Q was one of the first videos I saw in the store when we bought our first VCR in 1984 when I was 13, a betamax. It was the official VCR of the 1984 Olympics, which given that most television production used beta even long after VHS swept the market, is kind of feasible. But when we walked in the store to buy the VCR, and rent some movies, I was transfixed by the very soft focus painting on the cover of Q, of a green snake like thing clutching a scantily dressed woman in one clawed foot (serpent?) on the top of a skyscraper I would later find out was meant to be the Chrysler Building.

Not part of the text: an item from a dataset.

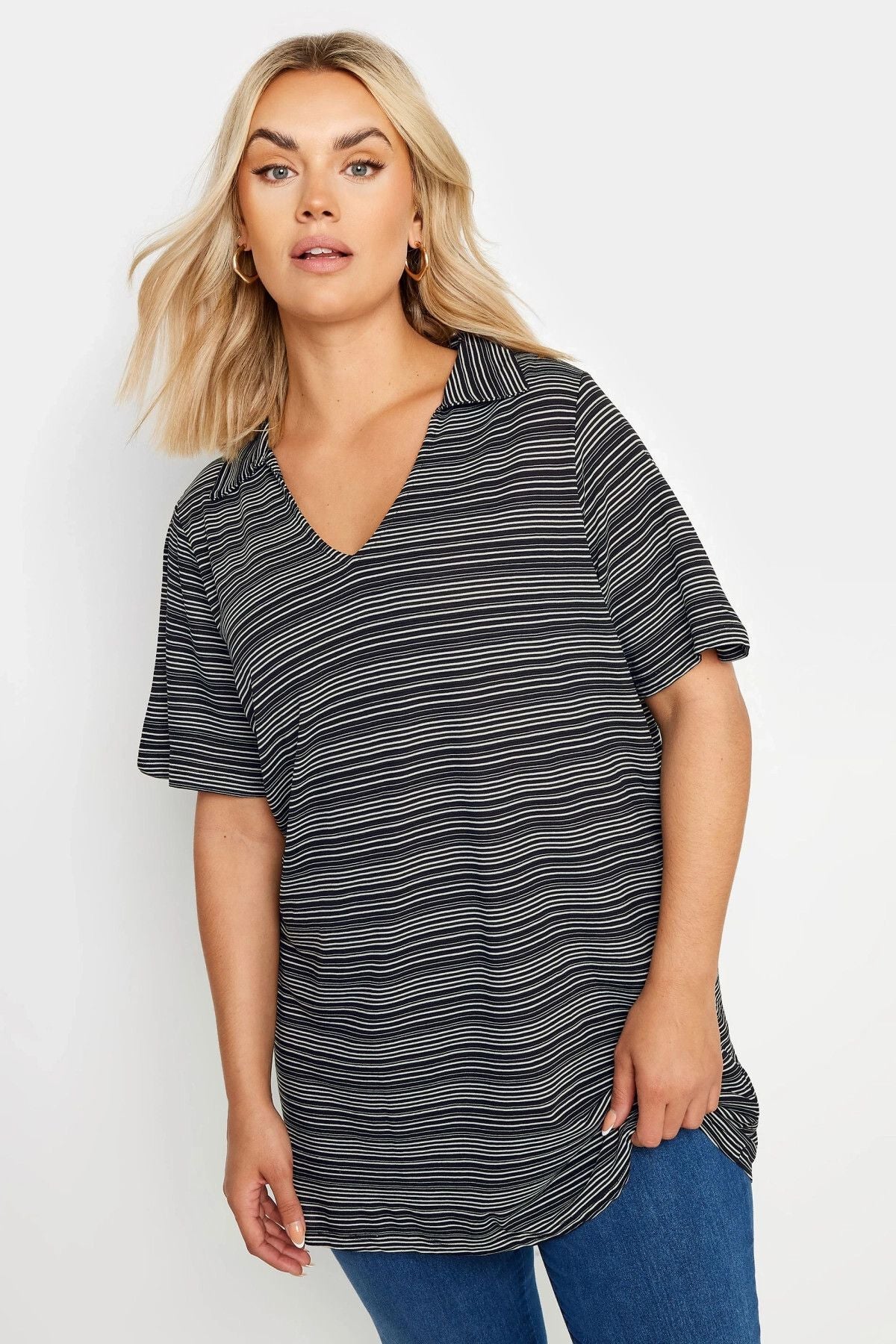 Büyük Beden V Yaka Desenli Kısa Kollu T-shirt 303371
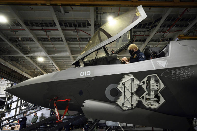 英國國防大臣華勒斯近日提出警告,英國增購F-35的計畫可能因故延宕。圖為英國首相強森登上F-35駕駛艙。(美聯社)

I begged to rent that movie every week.
The issue wasn’t that it was horror. My folks let me rent and watch lots of horror. They weren’t quite “Let a five year old watch Texas Chainsaw Massacre“* levels of blasé about horror, but they did rent it for me for my 14th birthday, along with The Shining and one other completely forgettable horror movie, possibly from the Elvira Presents line of titles.
And it wasn’t the giant monster part, because I’d grown up on Godzilla movies. Mothra remains my favorite.
A lot of my folks’ rules around media were fairly arbitrary. I wasn’t allowed to listen to any bands with “dead” in their name, which included the Grateful Dead, the Dead Kennedys and the Dead Milkmen, while my mom would buy me just about any record on the PMRC’s hit list, like WASP’s Last Command. So, yeah, arbitrary and a little weird.
I mean, I got why I Spit On Your Grave was on the no list. It had a mostly naked woman covered in blood on the cover with a sexualized presentation. Honestly, asking for that one was part of a campaign of calculated de-escalation in which I attempted to get them to let me rent Q. It didn’t work, as I’m sure you guessed, and I probably wound up with another Elvira Presents, which were almost universally awful, but still fun.
I’m not sure which strange ass hang up my folks had that Q tripped, but in 33 years I have not seen that movie. For all I know it could have merely amused them to deny me something I really wanted to watch.
But now, I have it. And I think that while Ogre is running his gaming group, that I will be upstairs with popcorn and soda, watching what may well be in the running for worst movie I have ever seen.
Although nothing will ever beat out Eversmile, NJ.
*Fun fact: The scariest moment of that movie for me was when Leatherface comes leaping out of the bushes with a running chainsaw, after having been silent. I was drinking Dr. Pepper out of a glass bottle, my friend jumped, bumped my arm, and chipped my tooth. As we all know, there’s is no “silent mode” on a chainsaw, and no one gets one started that quickly. No one.